## [Stored items from a collection]
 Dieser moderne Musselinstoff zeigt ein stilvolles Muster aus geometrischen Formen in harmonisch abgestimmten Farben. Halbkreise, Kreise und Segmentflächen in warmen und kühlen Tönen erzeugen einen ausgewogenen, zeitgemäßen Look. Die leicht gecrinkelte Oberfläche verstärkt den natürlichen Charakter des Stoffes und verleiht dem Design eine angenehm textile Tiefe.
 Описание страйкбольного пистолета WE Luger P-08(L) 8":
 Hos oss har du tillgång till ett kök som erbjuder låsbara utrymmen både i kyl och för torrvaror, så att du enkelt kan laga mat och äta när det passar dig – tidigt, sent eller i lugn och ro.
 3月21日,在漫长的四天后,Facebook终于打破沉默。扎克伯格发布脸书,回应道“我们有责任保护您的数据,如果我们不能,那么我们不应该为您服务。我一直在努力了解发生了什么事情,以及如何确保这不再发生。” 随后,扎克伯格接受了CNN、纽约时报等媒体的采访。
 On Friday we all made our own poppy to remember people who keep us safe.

## [Exercise description]
Print exactly the lines from the one with "Описание страйкбольного пистолета" through the end of the data, inclusive.

## [Your response]
 Описание страйкбольного пистолета WE Luger P-08(L) 8":
 Hos oss har du tillgång till ett kök som erbjuder låsbara utrymmen både i kyl och för torrvaror, så att du enkelt kan laga mat och äta när det passar dig – tidigt, sent eller i lugn och ro.
 3月21日,在漫长的四天后,Facebook终于打破沉默。扎克伯格发布脸书,回应道“我们有责任保护您的数据,如果我们不能,那么我们不应该为您服务。我一直在努力了解发生了什么事情,以及如何确保这不再发生。” 随后,扎克伯格接受了CNN、纽约时报等媒体的采访。
 On Friday we all made our own poppy to remember people who keep us safe.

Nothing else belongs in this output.